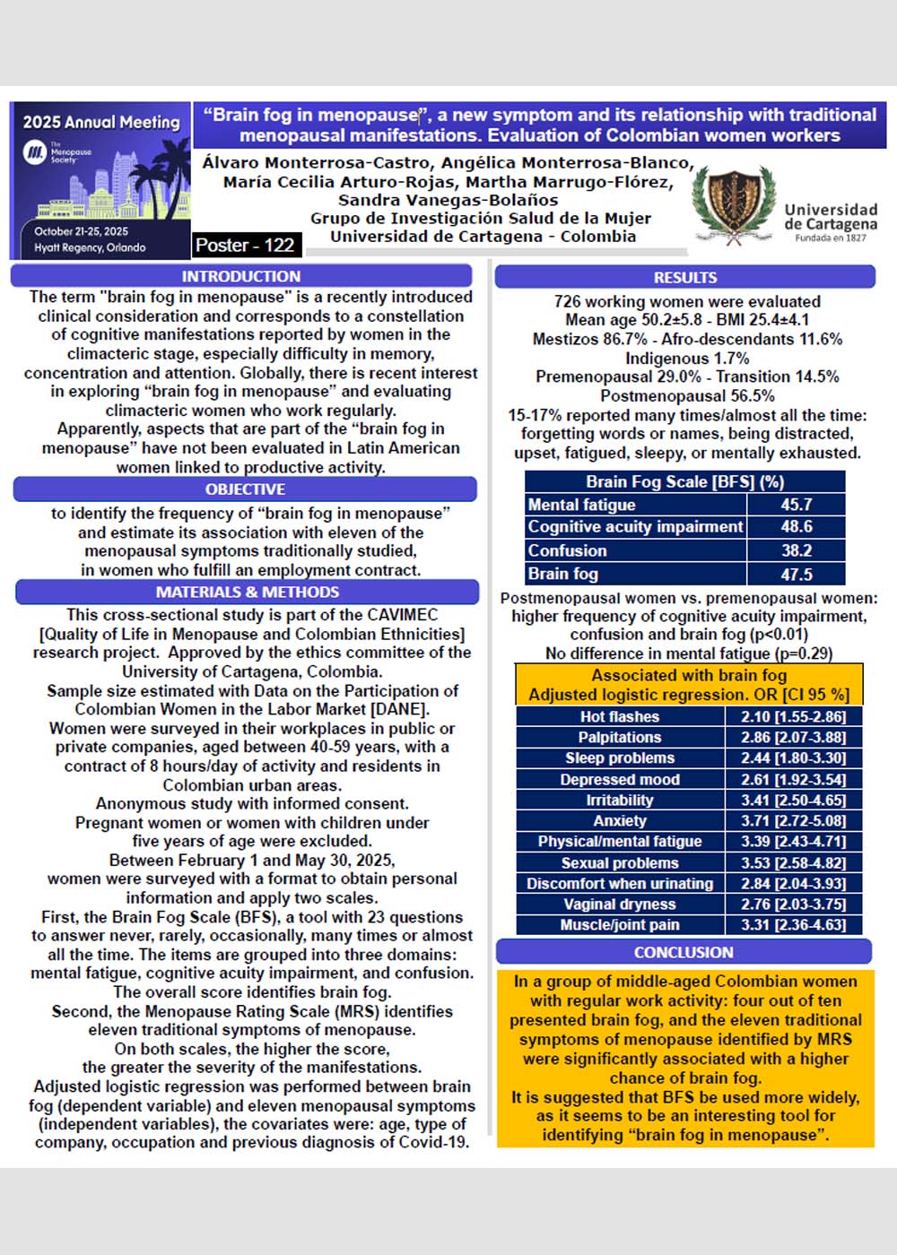 “Brain fog in menopause”, a new symptom and its relationship with traditional menopausal manifestations. Evaluation of Colombian women workers
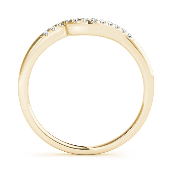 Its curved design hugs engagement rings perfectly, symbolizing harmony and unity — a timeless choice for modern brides. Available in Rose, White, and Yellow Gold, this piece is as versatile as it is stunning.
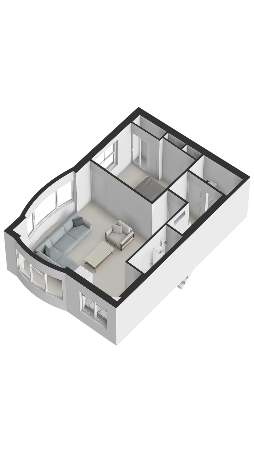 Slaapkamer 3 Op de hoek van het appartement bevindt zich een zeer ruime slaapkamer met ramen aan twee zijden, wat zorgt voor veel lichtinval.

────────────────────────────────────────

> _Required work_
If pictures appear in the data, omit them and copy all other parts exactly.

> _Solution_
 “Brain fog in menopause”, a new symptom and its relationship with traditional menopausal manifestations. Evaluation of Colombian women workers
 Its curved design hugs engagement rings perfectly, symbolizing harmony and unity — a timeless choice for modern brides. Available in Rose, White, and Yellow Gold, this piece is as versatile as it is stunning.
 Slaapkamer 3 Op de hoek van het appartement bevindt zich een zeer ruime slaapkamer met ramen aan twee zijden, wat zorgt voor veel lichtinval.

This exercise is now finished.